Based on the figure above, both mt-DNA primers are appears to be highly species-specific that able to detect the presence of porcine DNA in processed food. Studies by Yoshida  shown that mtATP6 clearly detected damage or fragmented porcine DNA in feed effectively. Thus, the amplification process was expended to various types of meat products. Table 1 below shows the results for all samples tested.
|Sample||Porcine Mitochondria DNA (mt DNA)|
|1. Ladder (1 Kbp)||Valid||Valid|
|2. Negative control||Valid||Valid|
|3. Fish fillet A||Not detected||Not detected|
|4. Fish fillet B||Not detected||Not detected|
|5. Fish fillet C||Not detected||Not detected|
|6. Chicken nugget G||Not detected||Not detected|
|7. Beef sausages G||Not detected||Not detected|
|8. Chicken ball G||Not detected||Not detected|
|9. Chicken lyoner||Not detected||Not detected|
|10. Fish cake||Not detected||Not detected|
|11. Chicken frankfurter||NA||Not detected|
|12. Chicken jumbo||NA||Not detected|
|13. Beef jumbo||NA||Not detected|
|14. Streaky beef||NA||Not detected|
|15. Chicken burger||NA||Not detected|
|16. Chicken burger R||NA||Not detected|
|17. Chicken frankfurter F||NA||Not detected|
|18. Crab stick||NA||Not detected|
|19. Lamb sausages||NA||Not detected|
|20. Minced meat||NA||Not detected|
|21. Chicken nugget P||NA||Not detected|
|22. Fish sate A||Not detected||Not detected|
|23. Fish sate B||Not detected||Not detected|
|24. Squid sate A||Not detected||Not detected|
|25. Squid sate B||Not detected||Not detected|
|26. Squid sate C||Not detected||Not detected|
|27. Fish snack||Not detected||Not detected|
|28. Fish sandwich||Not detected||Not detected|
|29. Fish ball A||Not detected||Not detected|
|30. Fish ball B||Not detected||Not detected|
|31. Fish ball C||Not detected||Not detected|
|32. Pork sausages||Detected||Detected|
|33. Breakfast Meatball||Detected||Detected|
|34. Positive control (Porcine DNA)||Valid||Valid|
Table 1: Shows the results of Porcine DNA in food products using mt DNA primers.

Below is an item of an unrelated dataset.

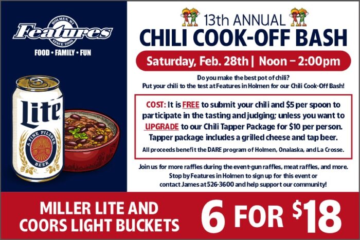 So, if you’ve got a killer chili that you want to put to the test, then get to Features in Holmen on Saturday starting at noon for their 13th annual Chili Cook-Off!

Based on Table 1 all processed food, meat based and seafood product are free from contamination, addition or substitution with porcine derivatives except for pork products. The mt-DNA primer gives a series of advantages due to its present in thousands of copies per cell.

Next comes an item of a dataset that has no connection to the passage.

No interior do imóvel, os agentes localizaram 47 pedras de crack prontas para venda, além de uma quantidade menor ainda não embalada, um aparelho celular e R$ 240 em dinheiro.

In this study, different sizes of primers length, 83-bp and 531-bp was used but results obtain shows both primers are highly specific for pork mt-DNA. Food products which contain fish, seafood, beef and chicken based does not amplified at 83-bp and 531-bp due to highly species-specific primes.

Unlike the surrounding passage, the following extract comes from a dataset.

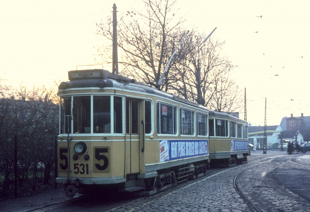 København / Kopenhagen Københavns Sporveje (KS) SL 5 (Tw 531 + Bw 15**) kurz vor der Abfahrt vom Betriebsbahnhof Sundby im Februar 1969. - Wenn die Straßenbahnwagen der Linie 5 ihren "Dienst" anfingen, mussten sie erst den Betriebsbahnhof über die Straße Amagerbrogade kurz verlassen (s. Bild vom DÜWAG/Kiepe-GT6 825, ID 573748) und dann wieder aufs Gebiet des Betriebsbahnhofes hineinfahren, d.h zweimal links abbiegen. Vom Standort des Beiwagens 1559 (s. Foto ID 574425) und dem des Großraumtriebwagens (dieses Bild), benutzte die Straßenbahnlinie danach eine Betriebsstrecke über die Straße Kretavej, um zur Verkehrsstrecke zu erlangen. Die Wagenhalle des Betriebsbahnhofes liegt hinter dem Fotografen. - Scan eines Diapositivs.

In conclusion, processed food products with damage or fragmented DNA also can be used for DNA detection using specific primers. Both mitochondria oligonucleotide primers from Monteil and Yoshida et al. [7,10] are designed for detection of pork and their derivatives. This method is reliable for porcine detection in meat product and can be used to detect fraud and to ensure that foods comply with religious regulations.